The Video Graveyard likes the flick, saying: "In the small town of Porterville, […] Sally and Ruby kill off anybody who happens to piss them off — or try to take their home away from them. This gives the makers plenty of opportunity for various death scenes, but apart from a few bloody moments in the finale (involving a chainsaw and gross use of formaldehyde), it seems like the murders are cut fairly short — which may be one of director JimmyO's various nods to the original Texas Chain Saw Massacre (1973 / trailer) […] But I will admit when a womanizer gets a sparkler in a very uncomfortable place it certainly was creative. Chainsaw Sally is certainly a demented ride and it's filled with quirky characters and dark humour. I had a fun time with it even if a few minor problems did spring up. The main things holding this back from outright greatness (it'll still be a cult favourite, mark my words) is the fact the movie is a bit loosely structured and the script never really develops its set-up of having Sally and Ruby being deranged cannibals — sure, we're given flashbacks to their parents murders […], but a build-up to their nuttiness might've been cool as well."
Chainsaw Sally
Trailer:
Chainsaw Sally went on to spawn an internet series, The Chainsaw Sally Show, episodes of which have been edited together into two movies, The Chainsaw Sally Show (2010) and The Chainsaw Sally Show Season 2 (2012). It seems, going by the poster below, an animated series is currently in the works.


Horror Business
(2005, writ & dir Christopher P. Garetano)
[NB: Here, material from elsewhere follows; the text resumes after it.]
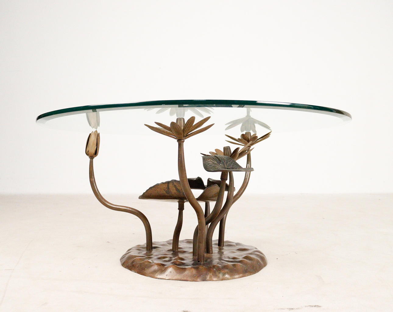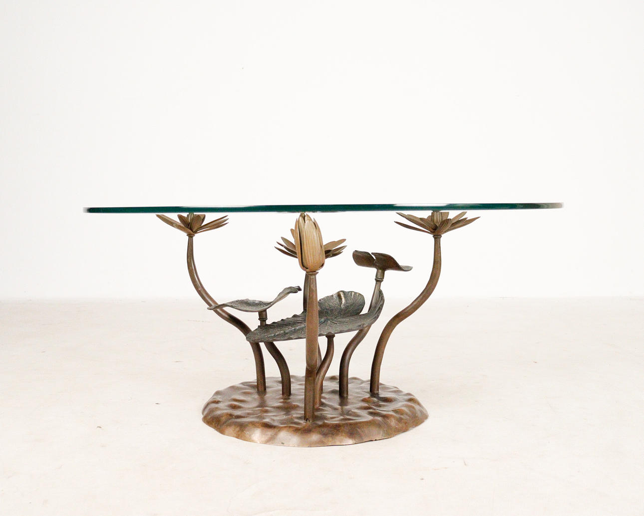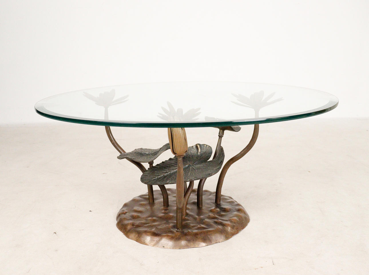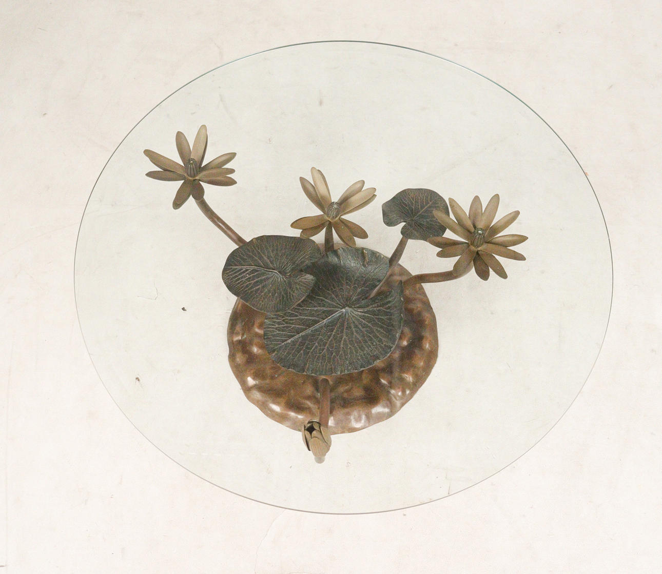 Willy Daro, coffee table, 'Lotus', 1970s, solid brass construction, dark patina, loose, round shaped glass plate, dimensions approx.: H. 42 cm, Ø: 90 cm.

A video documentary that seems to divide the (non)masses of the few who have seen it, HGL is one of the "established" talking heads sandwiched somewhere between the newer, currently (and probably forever) unknown talking heads upon which the documentary actually focuses.
Trailer:
Film Guinea Pig points out that Horror Business "serves as a quick way to help raise understanding (if not appreciation) for the horror B-movies of the twenty-first century. […] [P]ut together in true guerrilla film fashion by director Christopher P. Garetano. […] Garetano's doc certainly conveys the exuberance (if few new craft insights) of the low/no budget end of the cinematic scale. […] Perhaps more than anything, Horror Business acts as a primer for those who wish to be introduced to a few of the more recent players in the micro-budget film biz. (I'll admit it's sometimes painful to refer to these works as 'film' when they are not only shot on video but REALLY AWFUL looking video with amateur porn-flic lighting to boot. However...)
Movies Made Me says: "The subject at hand in this documentary is independent movie-making, and to be more specific, independent horror movie-making. Telling the stories are a mixture of the truly independent guys who most of you probably haven't heard of as well as a handful of the bigger names in horror. […], [H]onestly, there's no real subject to be found. The independent guys talk about how hard it is to make a movie, they question their own motives for continuing in the business, and they discuss their own movies for a while. […] [T]his material felt less like a documentary on horror in general and more like something that should have been included as a bonus feature on their latest DVD releases. A solid ninety percent of the material is simple behind-the-scenes stuff mixed with 'Gee, it's really hard to make a movie with no money!' and 'We need more drive-in theaters' observations, and while I won't disagree with those statements, they didn't make for a very interesting time in front of the tube. You may be thinking that the 'name' appearances could make this film worth watching, but that wasn't to be as each of the involved men only received a few minutes of screen time […]. Everyone involved is fun to listen to and it's obvious that everyone knows what they're talking about, but when you try to extract some real information from what they're saying, you either come up empty or realize that what they're saying is completely obvious. In my humble opinion, this film was a failure."
Among the impassioned featured are Dave Parker, whose 2000 movie The Dead Hate the Living! we totally hated; David Gebroe, whose flawed but intriguing Zombie Honeymoon (2004) is definitely worth a gander; and Rodrigo Gudiño, a man who might yet become a name, and whose short film The Facts in the Case of Mister Hollow (2008) was our Short Film of the Month for July 2016.


2001 Maniacs
(2005, dir. Tim Sullivan)

Filmed at the "living history" town of Westville, Georgia. Thirty-seven years after the release of 2000 Maniacs (1964, see Part II), HGL's early gore masterpiece — and one of his personal favorites — got the remake treatment. HGL never saw the remake, it seems, and was not part of the project; his former partner David F. Friedman alone of the two got any credit, as co-producer. Three years later, in 2008, HGL had the following to say about the remake at The Daily Public: "Someone remade it [2000 Maniacs] in 2005 as 2001 Maniacs, which may have missed the idea. I haven't seen it, but I'm told it's somewhat more polished and somewhat more mean-spirited than the original. I can't imagine anyone coming out of 2000 Maniacs and saying, 'This is for real.' I can imagine them coming out of 2001 Maniacs, based on what I'm told, and being somewhat downcast at what they've looked at."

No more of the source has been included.